ESP32-PaxCounter/src/lmic_config.h

// COUNTRY AND PROJECT SPECIFIC DEFINITIONS FOR LMIC STACK

// COUNTRY SETTINGS
// --> please check with you local regulations for ISM band frequency use!
//
// CFG_eu868	EU 863-870 MHz
// CFG_us915    US 902-928 MHz
// CFG_au921	Australia 915-928 MHz
// CFG_as923	Asia 923 MHz
// CFG_in866	India 865-867 MHz

#define CFG_eu868 1
//#define CFG_us915 1
//#define CFG_in866 1
//#define CFG_au921 1
//#define CFG_as923 1
//#define LMIC_COUNTRY_CODE LMIC_COUNTRY_CODE_JP	/* for as923-JP */

// LMIC LORAWAN STACK SETTINGS
// --> adapt to your device only if necessary

//#define LMIC_USE_INTERRUPTS 1

//time sync via LoRaWAN network, is not yet supported by TTN (LoRaWAN spec v1.0.3)
//#define LMIC_ENABLE_DeviceTimeReq 1

// 16 μs per tick
// LMIC requires ticks to be 15.5μs - 100 μs long
#define US_PER_OSTICK_EXPONENT 4
#define US_PER_OSTICK (1 << US_PER_OSTICK_EXPONENT)
#define OSTICKS_PER_SEC (1000000 / US_PER_OSTICK)

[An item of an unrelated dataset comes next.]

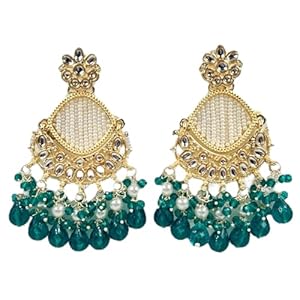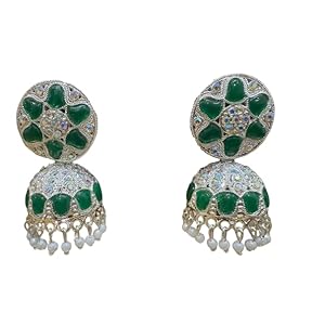 Women’s Sparkling Green Silver Polished Jhumka Traditional Kundan Chandbali Earrings Classic Earrings Indian Jhumka Studded Drop Earrings for Women 1 Pair
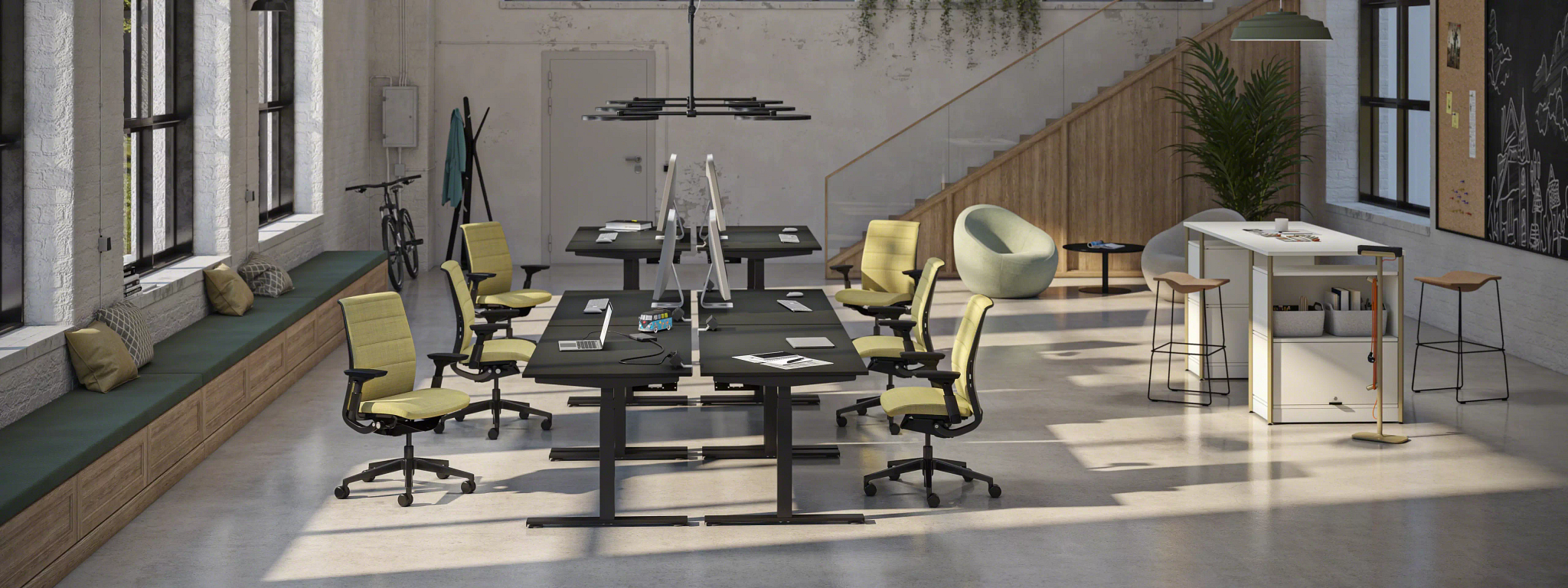 Height-adjustable Possilio® desks allow people to transition between focused work and active collaboration as they see fit. Posture adjustments signal a transition between different work modes, offering a subtle visual cue to neighboring teammates.

// This tells LMIC to make the receive windows bigger, in case your clock is
// faster or slower. This causes the transceiver to be earlier switched on,
// so consuming more power. You may sharpen (reduce) this value if you are
// limited on battery. 
// ATTN: VALUES > 7 WILL CAUSE RECEPTION AND JOIN PROBLEMS WITH HIGH SF RATES
#define CLOCK_ERROR_PROCENTAGE 5

// Set this to 1 to enable some basic debug output (using printf) about
// RF settings used during transmission and reception. Set to 2 to
// enable more verbose output. Make sure that printf is actually
// configured (e.g. on AVR it is not by default), otherwise using it can
// cause crashing.
#define LMIC_DEBUG_LEVEL 0

// Enable this to allow using printf() to print to the given serial port
// (or any other Print object). This can be easy for debugging. The
// current implementation only works on AVR, though.
//#define LMIC_PRINTF_TO Serial

// Any runtime assertion failures are printed to this serial port (or
// any other Print object). If this is unset, any failures just silently
// halt execution.
#define LMIC_FAILURE_TO Serial

// Uncomment this to disable all code related to joining
//#define DISABLE_JOIN
// Uncomment this to disable all code related to ping
#define DISABLE_PING
// Uncomment this to disable all code related to beacon tracking.
// Requires ping to be disabled too
#define DISABLE_BEACONS

// Uncomment these to disable the corresponding MAC commands.
// Class A
//#define DISABLE_MCMD_DCAP_REQ // duty cycle cap
//#define DISABLE_MCMD_DN2P_SET // 2nd DN window param
//#define DISABLE_MCMD_SNCH_REQ // set new channel
// Class B
//#define DISABLE_MCMD_PING_SET // set ping freq, automatically disabled by
// DISABLE_PING #define DISABLE_MCMD_BCNI_ANS // next beacon start, automatical
// disabled by DISABLE_BEACON

// In LoRaWAN, a gateway applies I/Q inversion on TX, and nodes do the
// same on RX. This ensures that gateways can talk to nodes and vice
// versa, but gateways will not hear other gateways and nodes will not
// hear other nodes. By uncommenting this macro, this inversion is
// disabled and this node can hear other nodes. If two nodes both have
// this macro set, they can talk to each other (but they can no longer
// hear gateways). This should probably only be used when debugging
// and/or when talking to the radio directly (e.g. like in the "raw"
// example).
//#define DISABLE_INVERT_IQ_ON_RX

// This allows choosing between multiple included AES implementations.
// Make sure exactly one of these is uncommented.
//
// This selects the original AES implementation included LMIC. This
// implementation is optimized for speed on 32-bit processors using
// fairly big lookup tables, but it takes up big amounts of flash on the
// AVR architecture.
//#define USE_ORIGINAL_AES
//
// This selects the AES implementation written by Ideetroon for their
// own LoRaWAN library. It also uses lookup tables, but smaller
// byte-oriented ones, making it use a lot less flash space (but it is
// also about twice as slow as the original).
// #define USE_IDEETRON_AES
//
#define USE_MBEDTLS_AES